Саботаж Америкой и японским правительством проведения аграрной реформы вызвал резкое обострение борьбы рабочих и крестьян. Как раз в тот период начал функционировать Союзный совет для Японии. Как Америка и предполагала, 30 апреля представитель СССР на третьем заседании Союзного совета предложил обсудить вопрос об аграрной реформе, а 29 мая представил Союзному совету свой проект реформы. Согласно этому проекту, государство конфисковывало и передавало арендаторам и малоземельным крестьянам все земли, сданные в аренду помещиками до 2 сентября 1945 года, а также необрабатываемые помещиками земли; конфисковывало все земли, принадлежавшие помещикам, не живущим в деревне; конфисковывало обрабатываемые земли крестьян-собственников, превышавшие 3 тё (на Хоккайдо, превышавшие 10 тё). Сделки о передаче земли, оформленные после 1 декабря 1945 года, проект считал недействительными. Проект устанавливал следующие компенсационные цены на конфискованную землю: за 1 тан заливных полей не более 440 иен, за 1 тан суходольных полей не более 260 иен. Причем за первые 3 тё конфискованных земель помещику предполагалось выплатить полную сумму по государственной цене, за последующие 3 тё [134] половинную сумму, а остальная земля конфисковывалась безвозмездно. Покупная цена для арендаторов устанавливалась в размере половины государственной цены. Непосредственные переговоры между помещиком и арендатором относительно передачи или продажи земли законными не признавались. В советском проекте предлагалось завершить аграрную реформу к 1 января 1948 года. В общем этот проект полностью учитывал основные интересы крестьян. В противовес советскому проекту представитель Британского содружества наций 12 июня выдвинул английский проект аграрной реформы. Согласно этому проекту, размеры земли, сдаваемой в аренду не обрабатывающими землю помещиками, сокращались до 1 тё, а размеры землевладения ограничивались 3 тё (на Хоккайдо 12 тё); размеры участков земли, покупаемой арендаторами, устанавливались в 1 тё. Предусматривалось, что скупка и продажа земли будут осуществляться через земельные комитеты; непосредственные переговоры между помещиками и арендаторами относительно продажи или передачи земли запрещались; сделки о передаче земли, оформленные позднее декабря 1945 года, считались недействительными. Английский проект предлагал провести аграрную реформу в течение 3 лет.

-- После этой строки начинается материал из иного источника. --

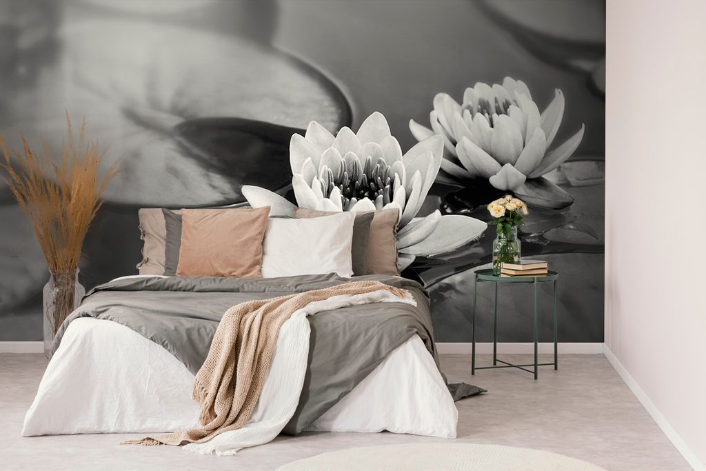 Tapéta lótuszvirág a tó felületén fekete-fehér kivitelben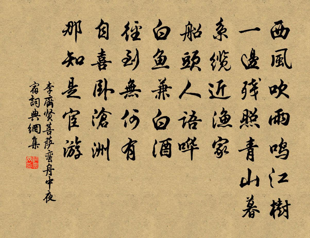 詩詞名句歷史字典書法欣賞書法字典國語詞典說文解字康熙字典古漢語字典標 題 作 者 詩 句 菩薩蠻 舟中夜宿作者:李齊賢 朝代:元代菩薩蠻 舟中夜宿原文西風吹雨鳴江樹。一邊殘照青山暮。系纜近漁家。船頭人語嘩。白魚兼白酒。逕到無何有。自喜臥滄洲。那知是宦遊。詩詞問答問:菩薩蠻 舟中夜宿的作者是誰?答:李齊賢問:菩薩蠻 舟中夜宿寫於哪個朝代?答:元代問:菩薩蠻 舟中夜宿是什麼體裁?答:詞李齊賢菩薩蠻 舟中夜宿書法欣賞菩薩蠻 舟中夜宿書法作品詩詞推薦行香子沈瀛〔宋代〕野叟愚痴。一向昏迷。笑呵呵、前事皆非。從前業債,今盡拼離。也不能文,不能酒,不能詩。屏除人事,閉卻門詠史下劉裕陳普〔宋代〕何事佛貍能度淮,中原千尺髑髏台。無巢燕子寧依樹,不入烏衣巷裹來。宿山家韋莊〔唐代〕山行侵夜到,雲竇一星燈。草動蛇尋穴,枝搖鼠上藤。背風開藥灶,向月展漁罾。明日前溪路,煙蘿更幾層。冬日郡齋書事張先〔宋代〕鈴索聲閒按牒稀,怯寒肌骨望春暉。凝雲垂地雪欲下,高樹無風葉自飛。水落淺沙魚隊聚,草枯幽隴鹿群歸。安人送王中父制乾東歸探韻得限字分韻用離別不堪度正〔宋代〕漢使東南來,幕府皆異產。英英江左家,浩浩富編簡。幾年翔學海,屢薦升士版。大焉合訏謨,小亦堪論譔。橫身頌古釋道顏〔宋代〕風頭稍硬難安立,暖氣才通瞌睡來。卻笑明招閒費力,無端兩處強差排。戊午元日讀書至夜分有感陸游〔宋代〕七十年來又四年,雨聲燈影故依然。未收浮世風漚夢,尚了前生蠹簡緣。老學辛勤那有補,舊聞零落恐無傳。先師訪疊彩岩登越亭朱晞顏〔宋代〕不到越亭久,榴花今幾紅。 江流寒瀉玉,山色翠浮空。 百越薰風裡,三湘夕照中。 行藏忠仗信,六合本同風又七言三首劉克莊〔宋代〕田翁有酒邀村飲,地主存羊餉節儀。不喜人題木居士,何曾鬼怕艾天師。和林丘二君會程坦之家二詩蘇頌〔宋代〕春晚寒不已,節候差季孟。木行怯初陽,水官恣餘橫。滂沱連月雨,愁嘆斯民病。已紊四時和,更傷群物性。園花山庭春日詩江總〔隋代〕洗沐花惟五日花。棲遲花在一丘花。古楂橫近澗。危石聳前洲。岸綠開河柳。池紅照海榴。野花寧待晦。山蟲詎識送張文昌帥豫章二首陳造〔宋代〕談間賓客重宣州,到後兒童敬細侯。薤本擊韁休領攬,棠陰問俗見風流。湖連市屋疑豐樂,江繞城闉似石頭。鷗鷺留別陳藏一釋行海〔宋代〕君住江西我浙東,偶然相識在吳中。知名彼此非今日,愛客情懷有古風。歷數山川游已遍,苦吟風月趣還同。不須寄崔之仁山人姚合〔唐代〕不得之仁訊息久,秋來體色復何如。苦將杯酒判身病,狂作文章信手書。官職卑微從客笑,性靈閒野向錢疏。幾時偈頌十六首釋如淨〔宋代〕金牛弄得爛銀蹄,耕破劫空田地開。不帶泥痕今古路,牧童疎笛入雲來。送師厚歸南陽會天大風遂宿高陽山寺明日同至梅堯臣〔宋代〕往日送子春風前,春風酣酣杏正妍。今來送歸秋風后,秋風搣搣沙滿川。馬鬣斜傾毛瑟縮,馭吏噤唫足後先。弊裘朝天宮成紀懷張德興〔宋代〕崒律千尋玉壘開,龍盤虎踞擁金台。雲中雙闕天顏近,塞山孤臣鐵騎回。砂壁朝疑烽火動,松風夜雜鼓笳哀。願將月夜江行寄崔員外宗之李白〔唐代〕飄飄江風起,蕭颯海樹秋。登艫美清夜,掛席移輕舟。月隨碧山轉,水合青天流。杳如星河上,但覺雲林幽。歸路相見歡李煜〔唐代〕無言獨上西樓,月如鉤,寂寞梧桐深院鎖清秋。[1]剪不斷,理還亂,是離愁,[2]別有一般滋味在心頭。[書懷示子遹陸游〔宋代〕平生山林幾緉屐,何意隨人戴朝幘!口言報國直妄耳,斷簡圍坐晨至夕。道山堂東直廬冷,手種疏篁半窗碧。但虞名句推薦蠶娘洗繭前溪淥,牧童吹笛和衣浴。貫休《春晚書山家屋壁二首》 煙霏雲斂;其容清明,天高日晶;歐陽修《秋聲賦》 淇園春竹美,軍宴日椎牛。司馬光《送龔章判官之衛州·新及第》 何當金絡腦,快走踏清秋。李賀《馬詩二十三首》 去年今日臥燕台,銅鼓中宵隱地雷王守仁《元夕二首》 夜來能有幾多寒,已瘦了、梨花一半。黃升《鵲橋仙·春情》 知人者智,自知者明。勝人者有力,自勝者強。老子《老子·道經·第三十三章》 水際輕煙,沙邊微雨。荷花芳草垂楊渡。劉將孫《踏莎行·閒遊》 脫鞍暫入酒家壚,送君萬里西擊胡岑參《送李副使赴磧西官軍》 綠桑高下映平川,賽罷田神笑語喧。歐陽修《田家》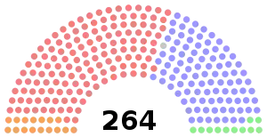 | Total seats: | 23 | 19 | 13 | 13 | 88 | 74 | 10 | 11 | 4 | 7 | 1 | 1 | 264 | ||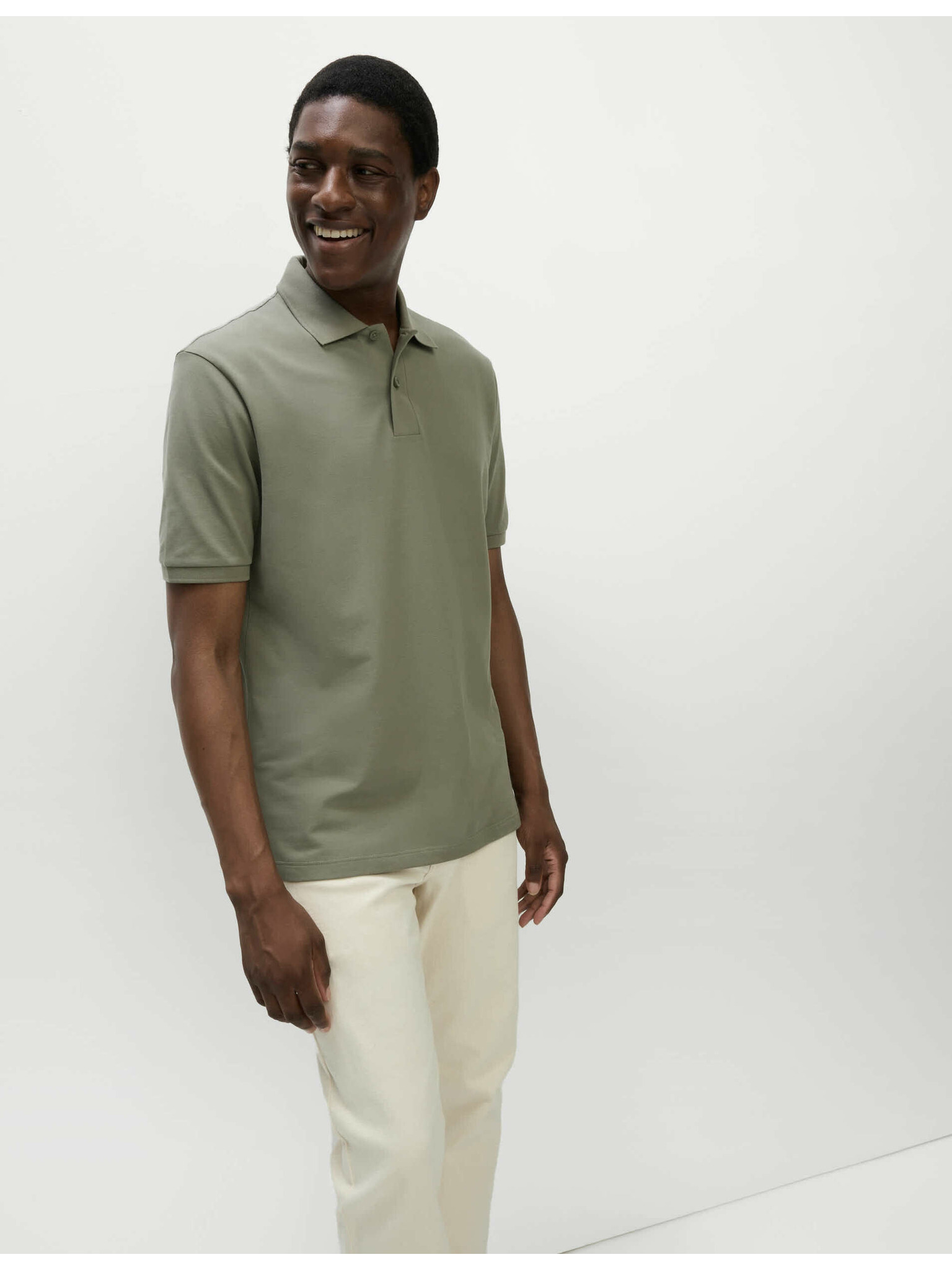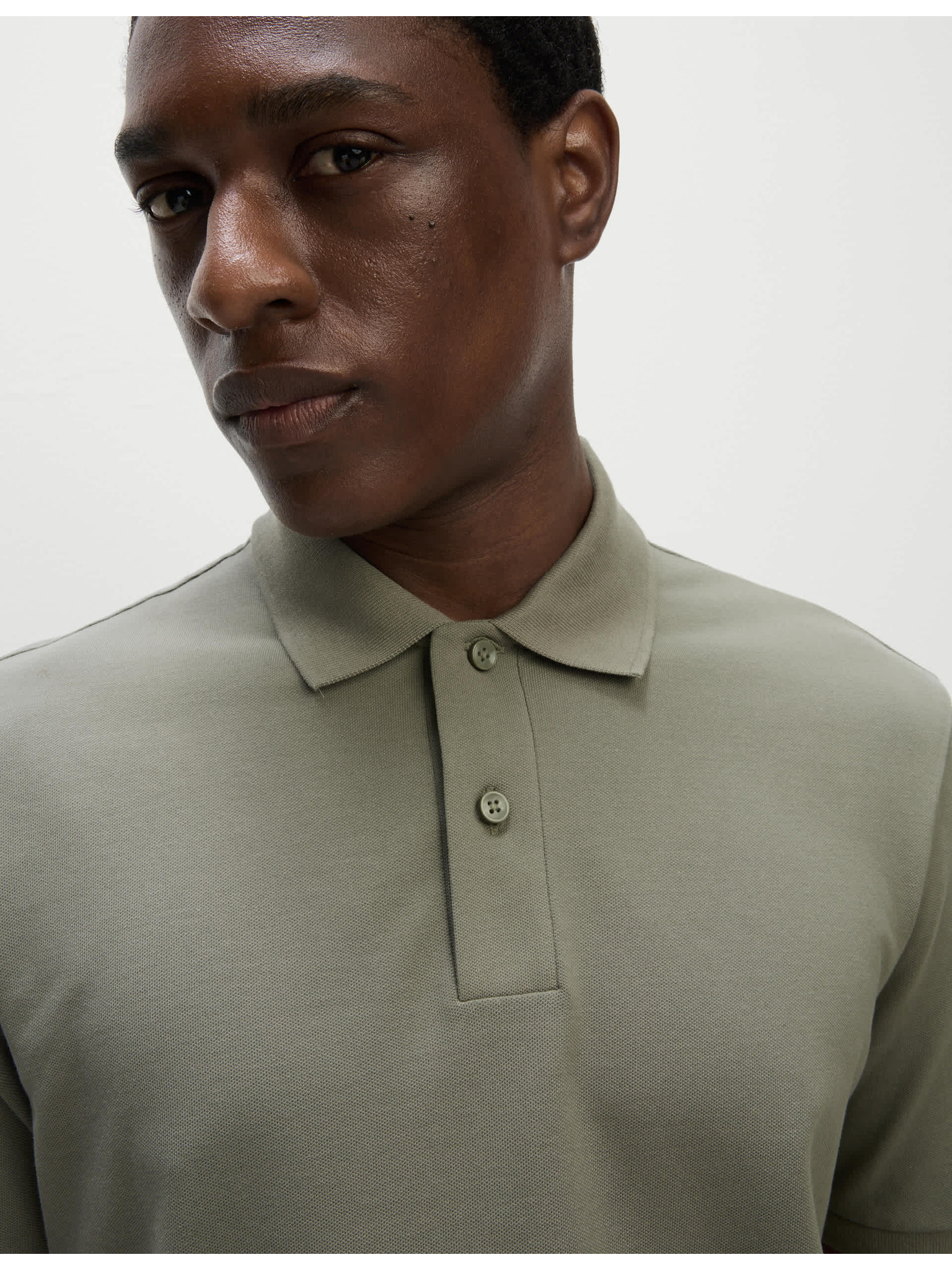 Férfi kötött gomblyuk nélküli pólóing - olíva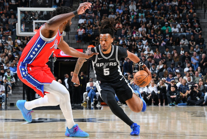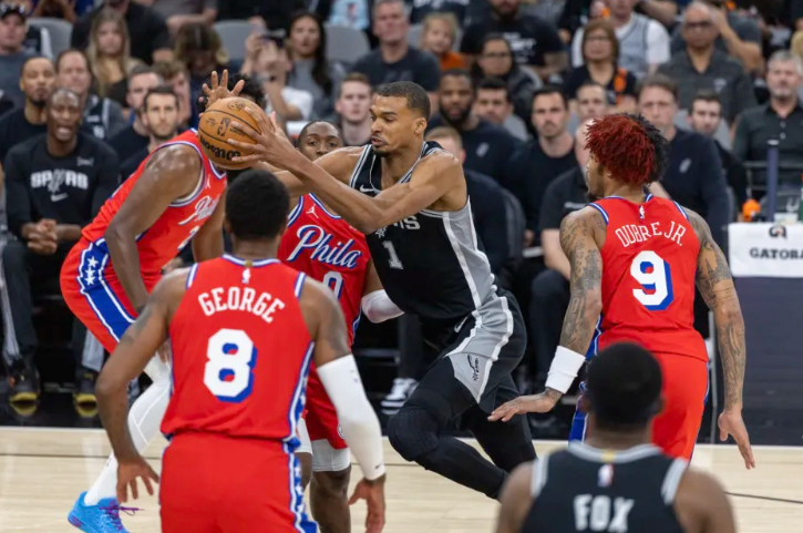文班亚马顶投三分球,恩比德化身哈登,双后撤步命中三分!半场马刺62-55领先。进入第三节,恩比德联合乔治下三分雨,一波流反超。文班亚马则因肋骨挫伤,提前退出比赛!中段福克斯联合尚帕尼一度拉开11分分差,恩比德又连续造犯规,场面十分尴尬。马刺就依靠约翰逊维持进攻端局面,节末哈珀续上三分,三节打完,马刺92-85领先。决战第四节,卡斯尔带队再度拉开11分分差,打停76人。此后科内特暴扣,哈珀续上三分,76人有些招架不住了。但中段马克西跳投,恩比德又开始了。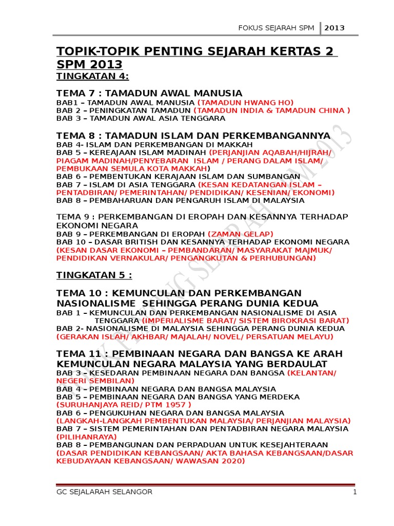 Doc Tajuk Tajuk Tumpuan Sejarah Kertas 2 Spm Tahun 2015 Kangsar Othman Academia Edu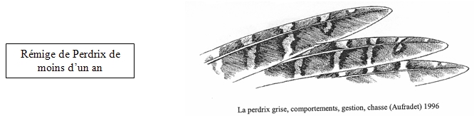 Lorsque les rémiges sont pointues il s’agit d’une perdrix sub-adulte et lorsqu’elles ont un aspect plus arrondis il s’agit d’un oiseau adulte. (Voir schéma ci-dessous)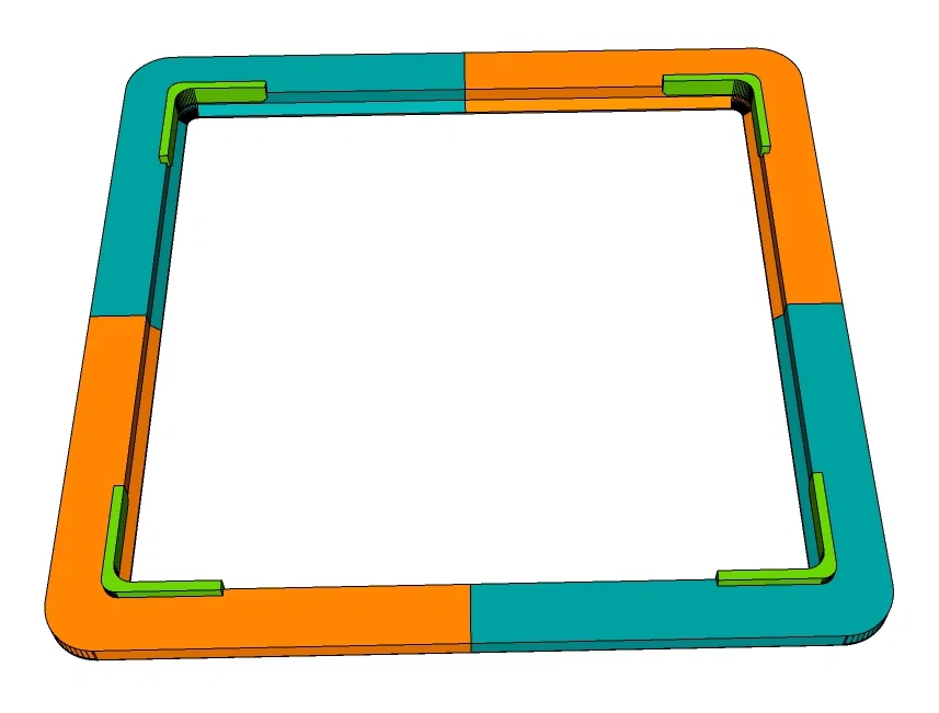 In 4x miếng góc và 2x mỗi miếng riser (phần màu xanh dương và cam).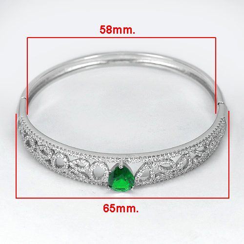 19.03 G. Pear Shape Green CZ Real 925 Sterling Silver Bangle Diameter 58 mm.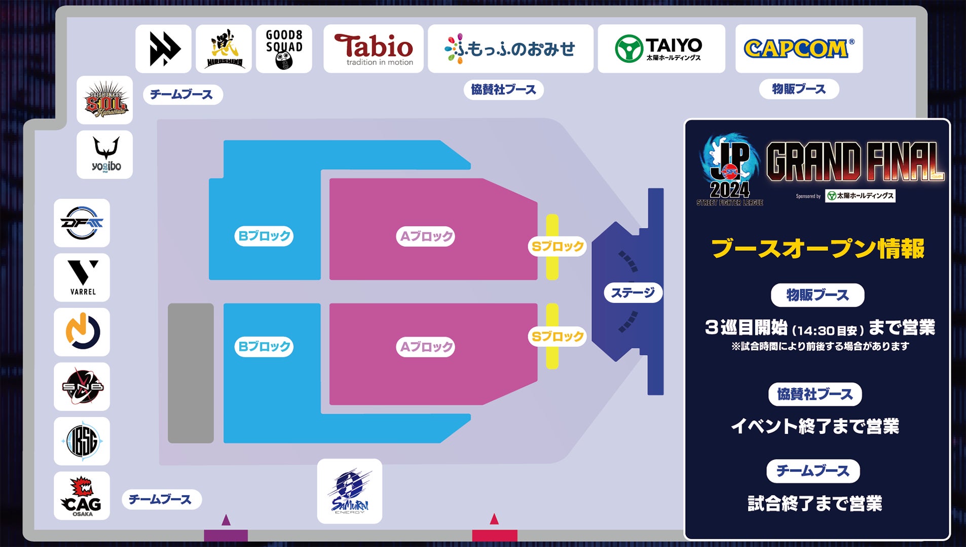 会場には、太陽ホールディングス、ふもっふのおみせ、サムライエナジー、タビオといったスポンサーブースに加え、カプコン公式物販ブース、出場チームのブースも出展予定です。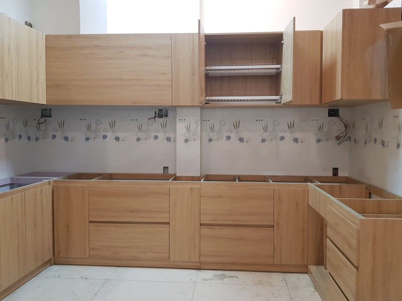 Cốt ván MDF chống ẩm và bề mặt phủ Tủ bếp Melamin sồi

Американский представитель поддержал английский проект, проект был принят, и в конце июня на основании английского проекта была опубликована директива о второй аграрной реформе. В соответствии с директивой японское правительство составило второй проект закона об аграрной реформе (проект закона «О проведении специальных мероприятий в поддержку крестьян-собственников» и исправленный проект закона «Об урегулировании аграрных отношений»), который был в сентябре представлен парламенту и 11 октября принят без поправок. Итак, помещики, так решительно выступавшие против принятия первого проекта аграрной реформы, и правительство вынуждены были принять второй проект, который заставлял их пойти на еще большие уступки. В этом решающую роль сыграл тот факт, что наряду с борьбой рабочего [135] класса (установление рабочего контроля на предприятиях, демонстрации, требующие разрешения продовольственного вопроса и т. д.) развернулось возглавляемое Японским крестьянским союзом широкое крестьянское движение против политики поощрения крестьян-собственников, на который делался упор во втором проекте аграрной реформы. В связи с этим правительство пришло к выводу, что «если те, кто владеет землей и держит в руках власть»{525}, не обеспечат себе гегемонии в осуществлении аграрной реформы сверху, то «их в этом заменит компартия, и тогда помещики, помимо земли, еще потеряют многое»{526}.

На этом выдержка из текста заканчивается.